Another thing, is that in ecclesistical latin you have to separate the syllables of the words more then you do when speaking italian: each vowel is a syllable, besides (obviously) the -_ae_- -_oe_- and -_au-_ dyphtongues. For example: *ausiliarius* >_au-si-li-a-ri-us,_ not *au-si-lia-rius; *supercilium* > _su-per-ci-li-um_ not *su-per-ci-lium, *familiaris* > _fa-mi-li-a-ris_, not *fa-mi-lia-ris, *vespertiliones* > _ve-sper-ti-li-o-nes_, not *ve-sper-ti-lio-nes, *conditio* > _con-di-ti-o_, not *con-di-tio. Italian native speakers would pronounce all those nouns in the sloppy way rather then in the more accurate one, unless they are specially trained. 
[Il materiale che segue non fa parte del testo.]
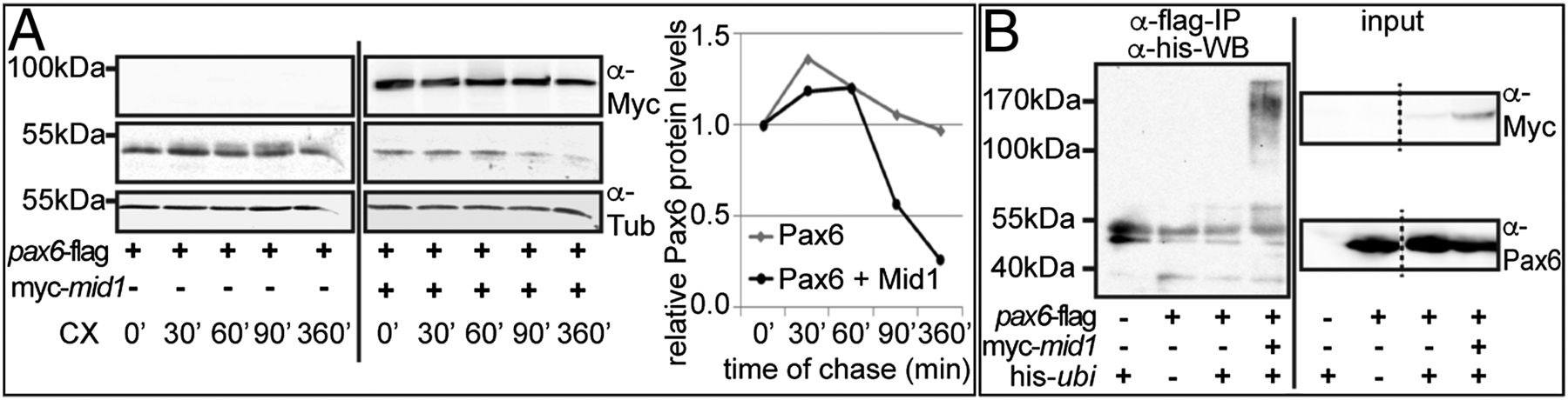 Fig. 3. Mid1 induces ubiquitination and reduces the abundance of Pax6 protein. (A) Blots show levels of Pax6, Mid1, and β-tubulin in HEK293 cells after cotransfection on pax6-flag expression plasmid and either EV or myc-mid1 at different time points (min) on cycloheximide block of protein synthesis. Diagram shows the quantified values of Pax6 protein relative to β-tubulin levels in Western blot. Amounts of Pax6 protein before the cycloheximide treatment are designated as 1 (100%). (B) In vivo ubiquitination of Pax6 was analyzed by transfection of HEK293 cells with plasmids coding for pax6-flag, myc-mid1, and his-ubiquitin as indicated and anti-his Western blot of proteins eluted after an anti-flag-IP (Left). Input of the proteins was verified by Western blot of the corresponding lysates with anti-Myc and anti-Pax6 antibodies, respectively (Right).
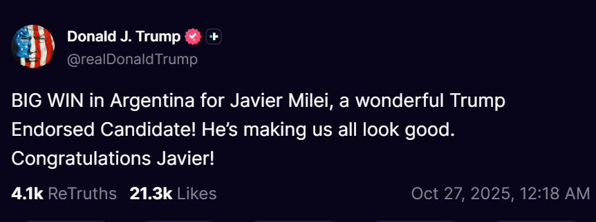 A választások után Trump elnök hétfőn a közösségi médiában ünnepelte a győzelmet, és így írt: „Nagy győzelem Argentínában Javier Milei számára, a csodálatos, Trump által támogatott jelöltnek! Mindannyiunkat jó színben tüntet fel. Gratulálunk, Javier!”
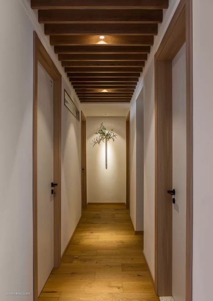 过道走廊的吊顶做了特殊处理,像是栅栏一样的设计,中间设计了点射灯,暖暖地照下来,很温暖。
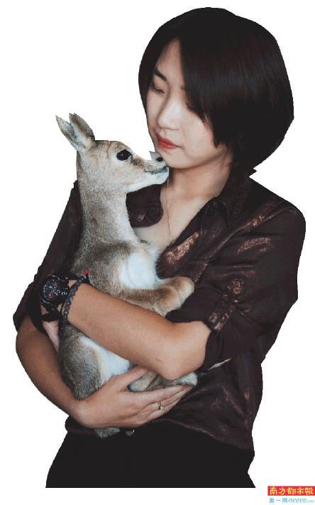 初雯雯抱着从小失去妈妈的鹅喉羚宝宝。 受访者供图
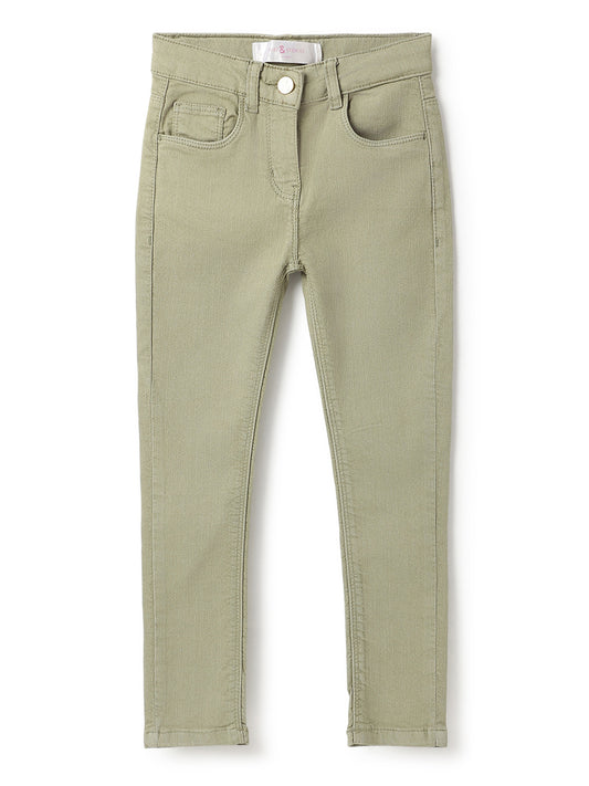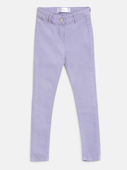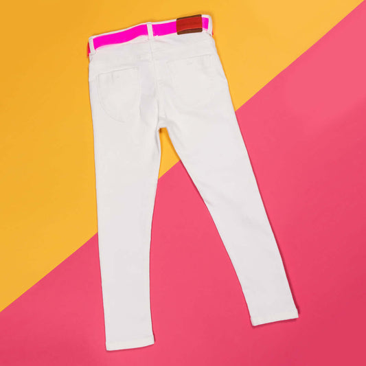 Girls Slim Fit White Casual Jeans With Pink Belt
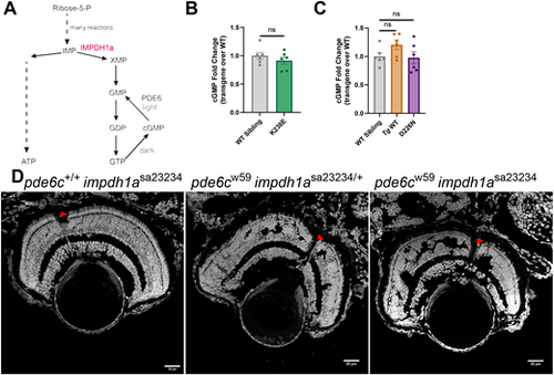 Altering Impdh1a does not affect cGMP levels. (A) Schematic of de novo purine biosynthesis of cGMP, with IMPDH1a highlighted in red. In the light, phosphodiesterase 6 (PDE6) converts cGMP into GMP. (B) Steady-state levels of cGMP from K238E mutant zebrafish or WT siblings. Zebrafish with class 1 mutant, K238E, do not have raised steady-state levels of cGMP. n=6 for both groups. ns, not significant (P=0.36) (unpaired two-tailed t-test). Error bars are s.e.m. (C) Steady-state levels of cGMP from Tg WT, D226N mutant or WT zebrafish. Zebrafish with class 1 mutant, D226N, do not have raised steady-state levels of cGMP. n=6 for all groups. ns, not significant (P=0.079 for Tg WT and P=0.85 for D226N) (unpaired two-tailed t-test). Error bars are s.e.m. (D) Larval optic nerve slices with nuclei stained with Hoechst. Scale bars: 25 µm. An Impdh1a KO zebrafish shows no signs of degeneration, whereas the Pde6c mutant has signs of severe degeneration at 5 dpf. The Pde6c mutant, Impdh1a KO zebrafish also shows signs of severe degeneration by 5 dpf. Knocking out Impdh1 did not rescue or delay degeneration of the model with high cGMP. Red arrowheads point to the cone layer. |
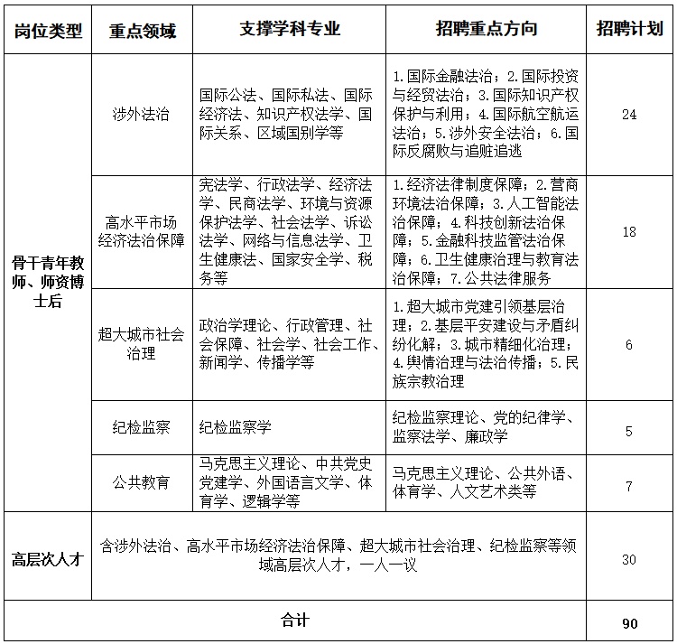 招聘专业涵盖法学、政治学、管理学等学科门类,重点面向涉外法治、高水平市场经济法治保障、超大城市社会治理三大领域。
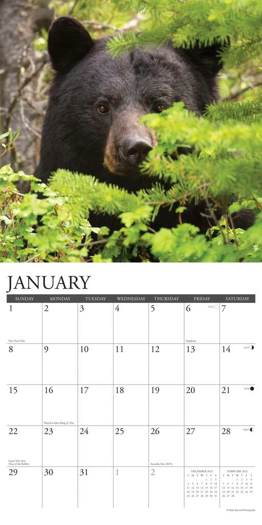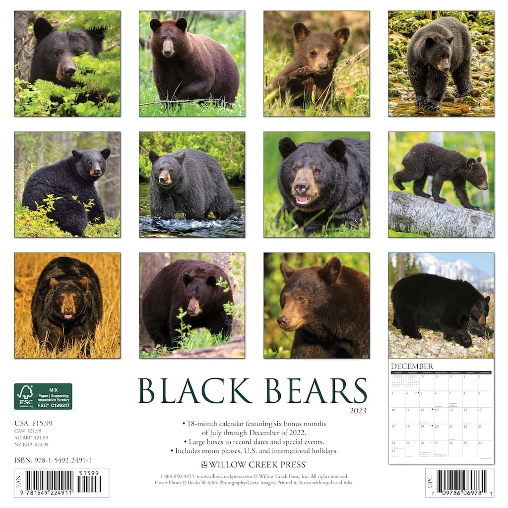 The highly adaptable and secretive black bear ranges throughout North America including at least 40 of the United States. These twelve superb full color photographs feature black bears in their natural environment. Printed with soy-based inks on FSC certified paper, this 12″ x 12″ wall calendar features large monthly grids that offer ample room for jotting notes, along with six bonus months of July through December of 2022. It also includes moon phases (CST), standard U.S. and international holidays.
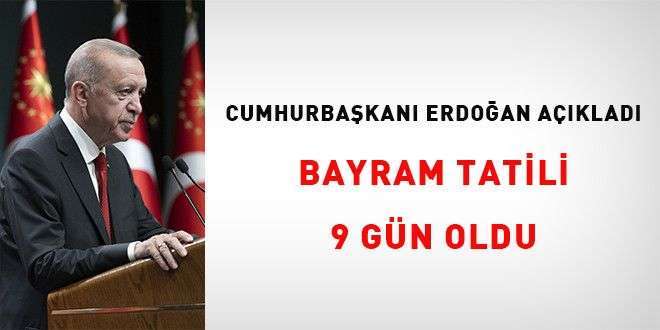 Erdoğan, milyonların merakla beklediği bayram tatiliyle ilgili "Kamu çalışanlarımız için 16 Haziran Pazar günü başlayacak Kurban Bayramı sonrasındaki 2 günlük süreyi de idari izin kapsamına aldık." dedi. "Perşembe ve cuma günlerini de bayram tatiline ekleyerek 9 günlük bir tatil imkanı sağlamış oluyoruz." ifadelerini kullanan Erdoğan, kamu çalışanlarının yapacağı tatili bildirdi.
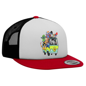 Stitch Halloween scooby car, Καπέλο Ενηλίκων Foam Flat Snapback με Δίχτυ Κόκκινο-Λευκό-Μαύρο (POLYESTER, ΕΝΗΛΙΚΩΝ, UNISEX, ONE SIZE)
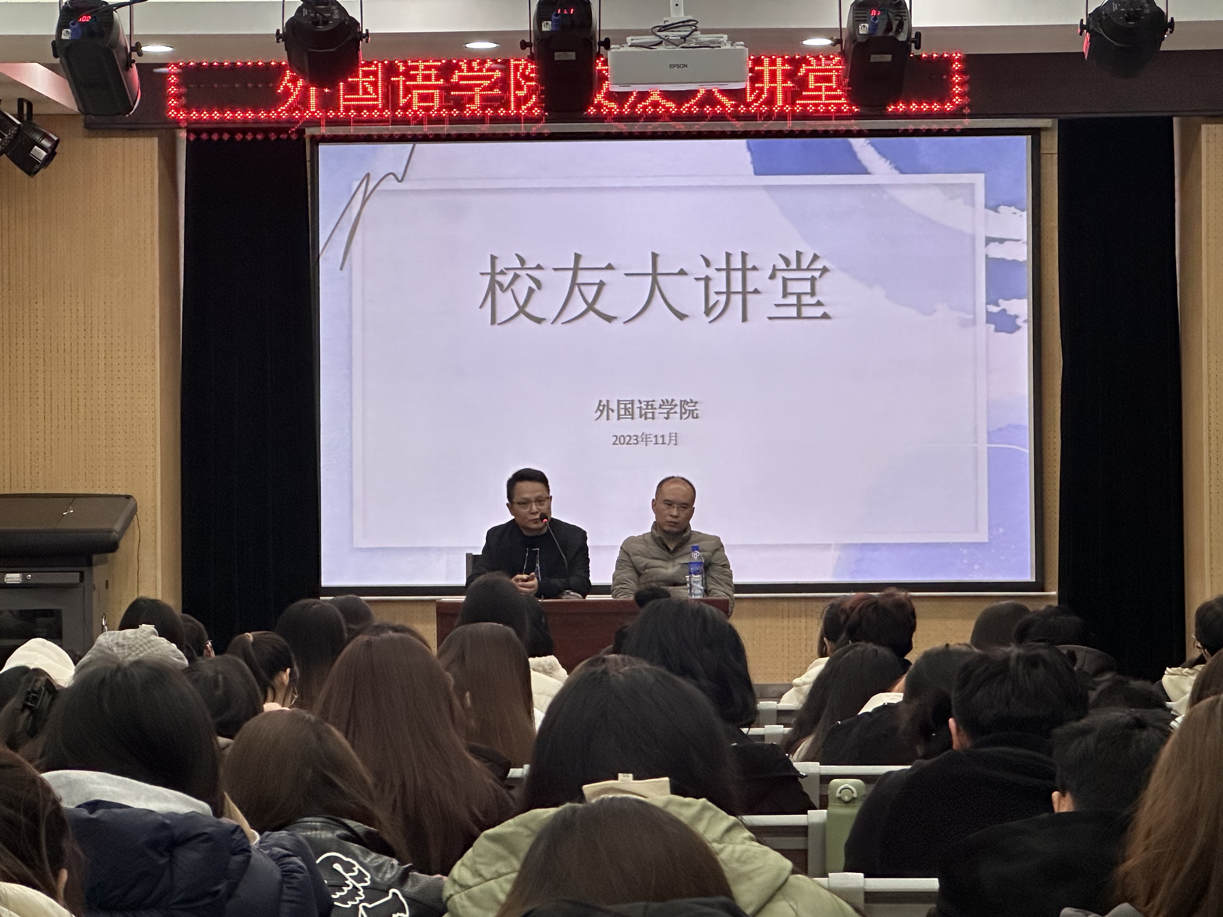 本网讯(通讯员/陈代棋)“少年辛苦终身事,莫向光阴惰寸功。”为进一步落实立德树人的榜样教育培育目标,营造外国语学院良好的学习氛围,11月14日晚,我校外国语学院于19号教学楼105教室开展了校友大讲堂。本次讲堂由李鹏飞主持,我校03级校友——深圳市德育华邦科技有限公司负责人傅维方以及潍坊腾翼珠宝贸易有限公司负责人滕广耀主讲。
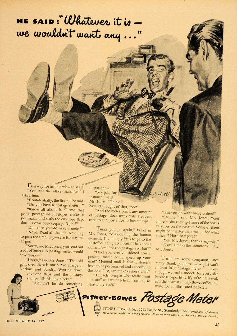 This is an original 1947 black and white print ad for the Pitney-Bowes Postage Meter from Pitney-Bowes, Inc., 1221 Pacific St., Stamford, Connecticut.
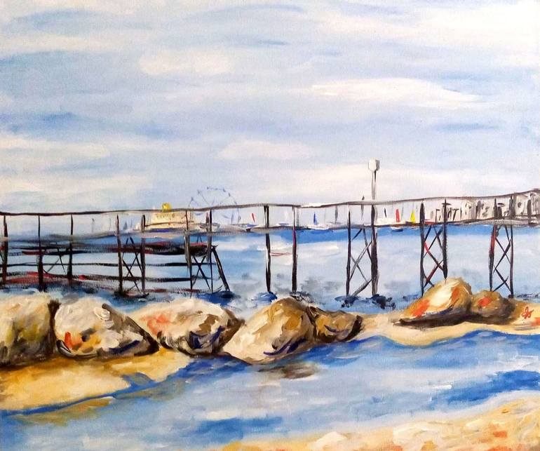 Opera realizzata in acrilico su tela, dimensioni 60x50 cm, telaio di spessore di 1,5 cm. Il quadro raffigura lo scorcio di una spiaggia dell'Emilia Romagna in Italia; una giornata calda ed assolata senza turisti, un momento per ammirare i colori tutto per sé. L'opera racconta di una giornata di fel...

Trust me, it makes a big difference: at school and serving the mass, wherever anyway I had to speak latin, I noticed that people who were speaking out all as if it was italian, were immediately identified by the audience as being bad at latin, and you can guess they actually were


----------



## James Bates

Thank you so much for your amazingly detailed answer.


----------



## Giorgio Spizzi

Buongiorno, S i m e o n.

Grazie per l'analisi dettagliata e approfondita che hai offerto. E benvenuto al Forum!

Una cosa soltanto vorrei segnalarti: la pronuncia corretta dell'espressione "Par condicio" -- che, come saprai, fu reintrodotta nel lessico politico dall'ex Presidente della Repubblica Oscar Luigi Scalfaro, e che ha fatto impazzire i mezzi di comunicazione creando un mare di polemiche (politiche, non linguistiche!) mai sopite --  è / parkon'diʧo /*.
Naturalmente si tratta di pronuncia italiana/ecclesiastica. Se fosse pronunciata in modo "classico" sarebbe / parkon'dikio /.

Saluti.

GS 

* (Fonte: Treccani)


----------



## S i m e o n

Giorgio Spizzi said:


> Buongiorno, S i m e o n.



Salve Giorgio, 

Grazie! Ho sempre fatto ricorso al forum per risolvere i miei eventuali dubbi linguistici e quasi non avevo realizzato che ci si potesse iscrivere. Sono contento di averlo fatto, è un piacere incontrare tutti voi!

Grazie anche per la tua osservazione. Effettivamente "_par condicio"_ mi era sempre suonato male ma non me ne ero mai preoccupato, visto che nella nostra classe politica non è certo l'erudizione ad abbondare, semmai il contrario. Adesso, in seguito a una breve ricerca, risulta che sia un deverbativo da _condico, condicis_, cosa che non sapevo assolutamente, né sospettavo, aspettandomi_ condictio, condictionis, _come da_ indico > indictio, indictionis. _Io vado molto a orecchio, e non sono un latinista, questa cosa non la sapevo.
Poi, ho trovato un interessante articolo, risposta dell'Accademia della Crusca alla domanda: _"condicio or conditio sine qua non?". _Il forum non me lo lascia linkare, chi è interessato lo può facilmente trovare.


Saluti a tutti.


----------